Cities/States With Prettiest Scenery

Most all of 'em tend to be located in rather nice territory.

I guess I needn’t tell you what I misread in place of locked.

Burlington, Vermont. Everything you asked for and more. [sup]©[/sup]

I love Vermont but it is COLD much if not most of the year by some standards. The OP should give some king of weather preference to nail things down better,

As of now, I’ve never lived anywhere where it snowed a lot, so I’m not used to the cold, but I’m willing to give it a shot if the area’s nice.

(Besides, after flying around Vegas in 117 degree weather in full Chem ensemble, cold might be nice.)

I was going to mention Charlottesville! It’s wonderful. I was only there for 4-5 days a few years ago, but it remains on my list of places I’d love to live someday. UVA is a great school…if I were forced to go back in time and choose a different college to attend, I’d probably pick UVA.

Seconded (and home prices are crashing, Lsura, so hang in there).

Washington and Oregon are both expensive, Washington absurdly so. Laramie, Wyoming is high and dry, if you enjoy the whole wild west thing.

Well, there ya go. I’m familiar with that area, and it’s not the prettiest. I lived north of the university – on the corner of Indian School and University, to be exact – and that was a nice neighborhood. My work at that time took me all over the city, so I saw good and bad neighborhoods. I recommend right around the uni.

Flagstaff, AZ. Dry weather, The Canyon nearby, has Northern Arizona University (if you’re into what they study), several observatories, smallish but a rather liberal and dorky and artistic population. Lots of hikers. Mountains, forest, NOT in the desert, but still dry and the desert is nearby. Amazing scenery, good people, wildlife.

Oh, to be the nitpicker. Deep Springs may be the weakest part of the criteria, but that’s because it has 26 students. It is not a community college but a highly selective two-year college with an acceptance rate of 7%. Most go on to Ivy’s after their two years.

And a third, fourth, whatever for Charlottesville.

Erm…Chicago (said the shameless booster)?

From the street, our outstanding architecture can look pretty mountainous! Plus, there are some large-ish hills up north in Wisco and Michigan.
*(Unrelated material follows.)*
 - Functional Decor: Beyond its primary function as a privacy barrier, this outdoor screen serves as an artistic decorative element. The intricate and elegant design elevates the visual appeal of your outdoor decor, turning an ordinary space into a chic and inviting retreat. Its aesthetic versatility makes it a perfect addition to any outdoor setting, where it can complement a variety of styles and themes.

Chicago isn’t nearly as large as NYC (8 mil vs. 18mil, I think). It’s also smaller than Tokyo, Mexico City, Bombay, Hong Kong, and Kiev! You can make it seem smaller by getting into a nice, well-defined neighborhood, too.

Colleges? Lots.

Expense? I’ve heard that Chicago is still fairly affordable. The rental market is supposedly hot, and you can buy stuff, too.

Southern accents? Um…no. But we have our own peculiar accents as well. We say “Da Bearz”, and end lots of things with possessive S’s.

-Cem

If you can settle for the beautiful central Texas Hill Country instead of mountains, I’d recommend Austin, Texas. If not, I’d second Albuquerque, New Mexico.
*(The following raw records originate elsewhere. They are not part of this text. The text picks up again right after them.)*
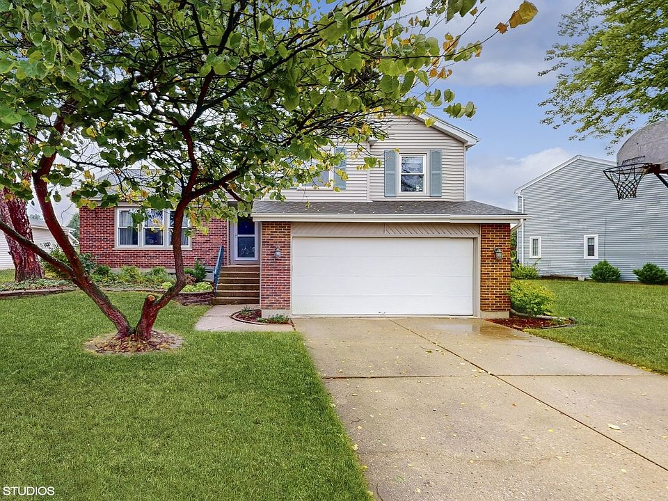Welcome to your dream home! As you step inside, you'll be greeted by soaring vaulted ceilings and gorgeous hardwood floors that stretch across the main level. This updated 3-bedroom, 2.5-bathroom home blends style and comfort effortlessly. The kitchen is a standout with its quartz countertops, breakfast bar, refreshed cabinetry, and sleek Stainless Steel appliances. It opens up to a spacious family room with matching hardwood floors and easy access to a refreshed deck and beautifully landscaped yard. On this level, you'll also find a convenient powder room, a mudroom with built-ins, and a 2-car garage. Head upstairs to the primary suite, which offers a large bedroom with a ceiling fan, custom closet organizers, and a relaxing en-suite bath with a newly tiled shower. Two additional bedrooms, also with ceiling fans and closet organizers, and an updated hall bath complete the upper level. The partially finished basement is versatile, perfect for a home office, playroom, and craft space, and it even includes a workshop and storage space. Practical updates like new light fixtures, window treatments, newer appliances, a furnace with a humidifier, newer windows, and refreshed landscaping add extra value. Situated on a quiet street, this home is close to parks, top-rated District 54 and 211 schools, restaurants, shopping, and highways.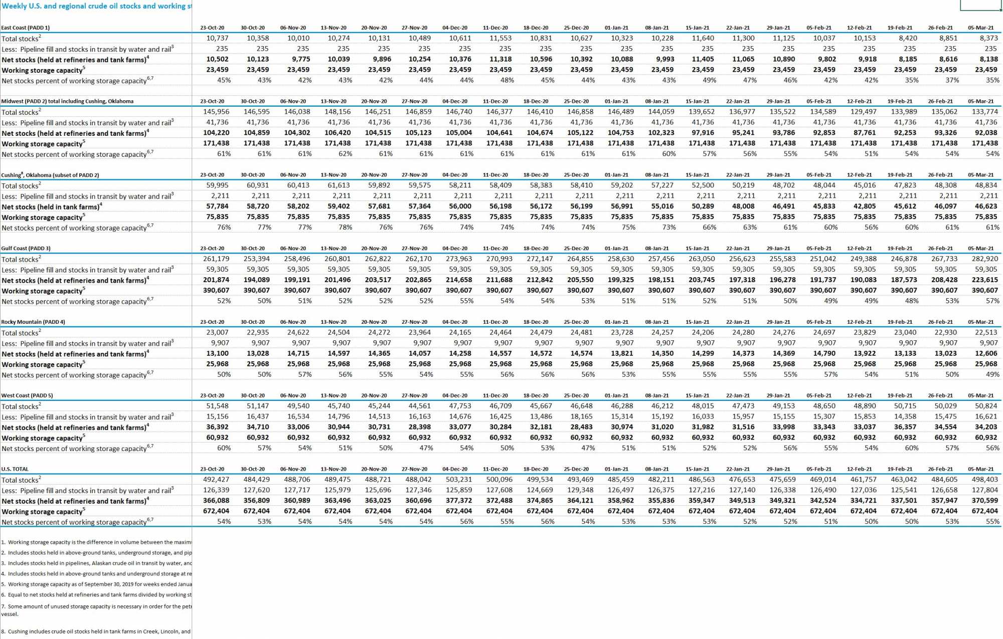 Price Change라고 나오지만, Price 아니고, 재고량(barrels) 입니다. 한파로 공급(생산/물류)과 수요 다 영향을 받아서입니다만, 2주 단위로는 최소 근 30년 래 최대폭으로 떨어졌습니다. 지난주에는 1주 단위로 사상 최대폭으로 감소했다고 했었습니다. 6월 말 정도면 미국 접종이 어느 정도 완료될 것이라고 예상하는 경우가 많던데, 이동이 늘면 가솔린 수요도 많이 늘어나겠쥬? https://www.eia.gov/petroleum/supply/weekly/ https://www.spglobal.com/platts/en/market-insights/latest-news/oil/030321-us-gasoline-distillate-stocks-plunge-as-winter-storm-drives-usgc-runs-to-all-time-lows 2
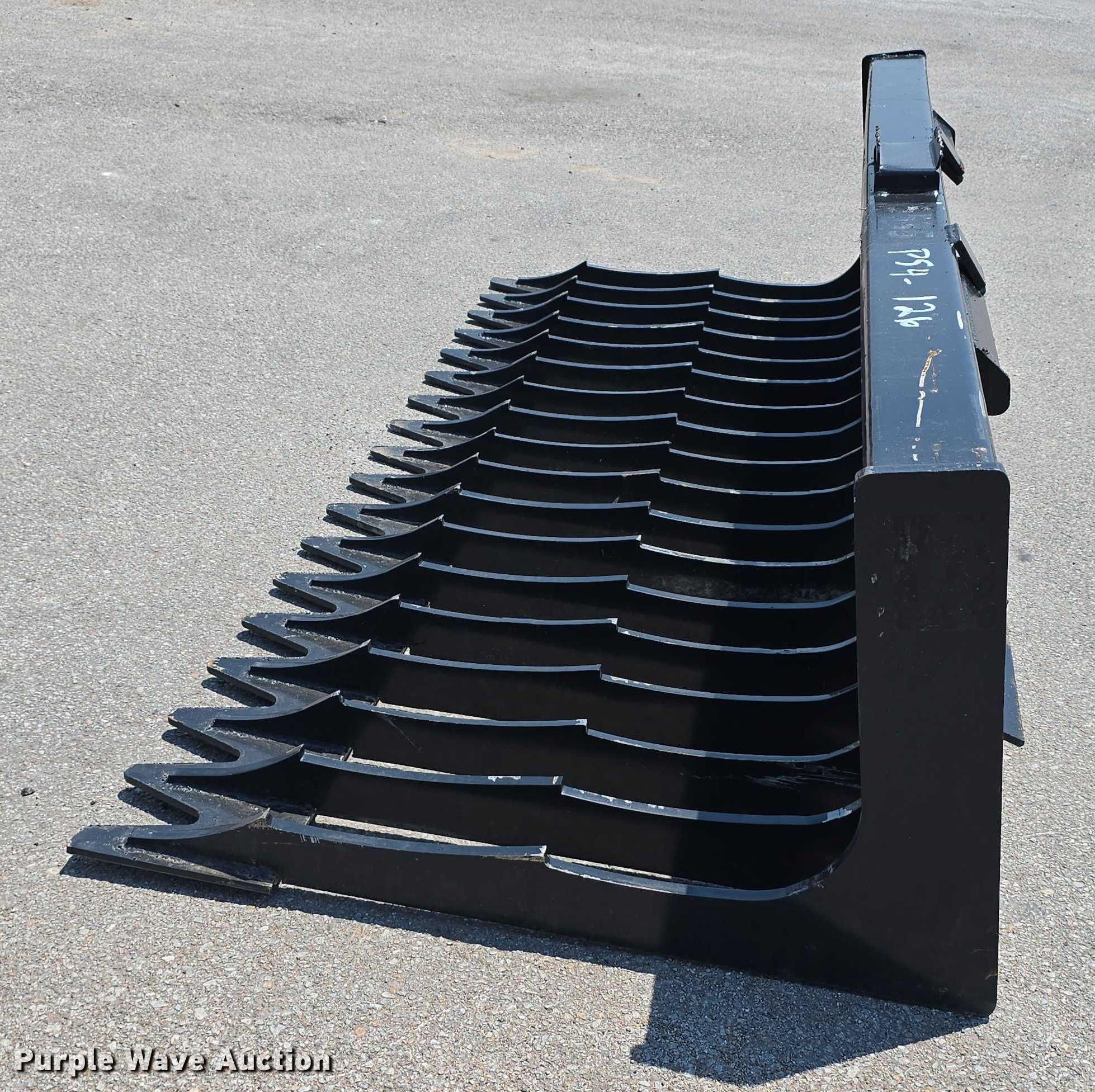 Purple Wave is selling a used Skid Steer Attach. in Nebraska. This item is a 76" W skid steer rock bucket with the following: Unused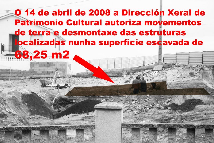 O 14 de abril dese ano, a Dirección Xeral de Patrimonio Cultural autorizou movementos de terra e desmontaxe dunhas estruturas localizadas nunha superficie escavada de 68,25 metros. En consecuencia, quedaron, en total, 191,75 metros cadrados de área arqueolóxica que a construtora non podería alterar. Porén, esta semana a asociación constatou que só quedan 15 metros cadrados do xacemento arqueolóxico inventariado. Neste tempo, segundo denuncian dende Mariña Patrimonio, a construtora Promociones San Ciprián esbandallou case 180 metros cadrados de castro, novamente.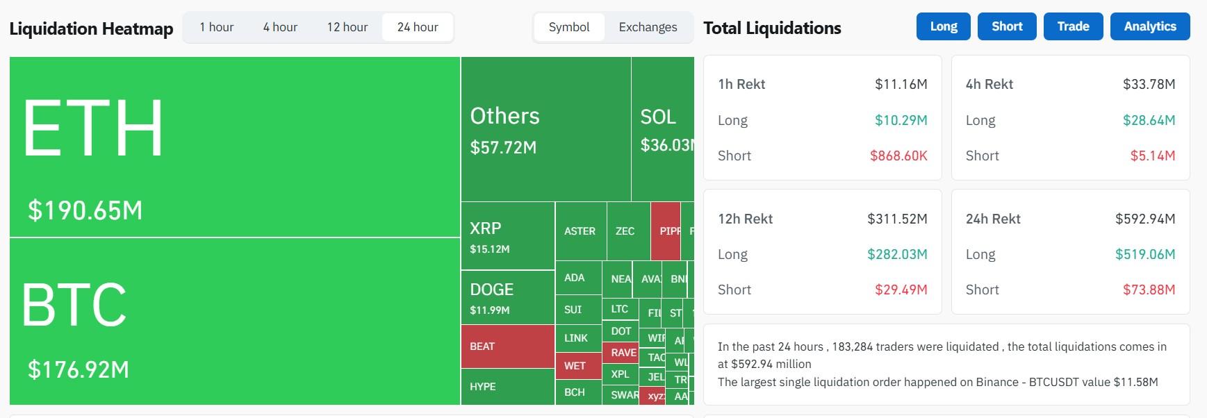最新的暴跌消息显示,短短24小时内,超过5.92亿美元的加密货币仓位被强制平仓。这波大规模抛售是今日加密货币清算新闻背后的主要原因之一。

Seconding Albuquerque. Santa Fe feels much cozier, has two (tiny) colleges, and IMO, better scenery than Albuquerque. The trade off is that Santa Fe is a bit pricier than Albuquerque.

Heh, sometimes so do we! But unfortunately, we don’t meet at least 2 of the OPs wishes. :smiley: We’re hella-spensive and really, really big. But it is beeyootiful.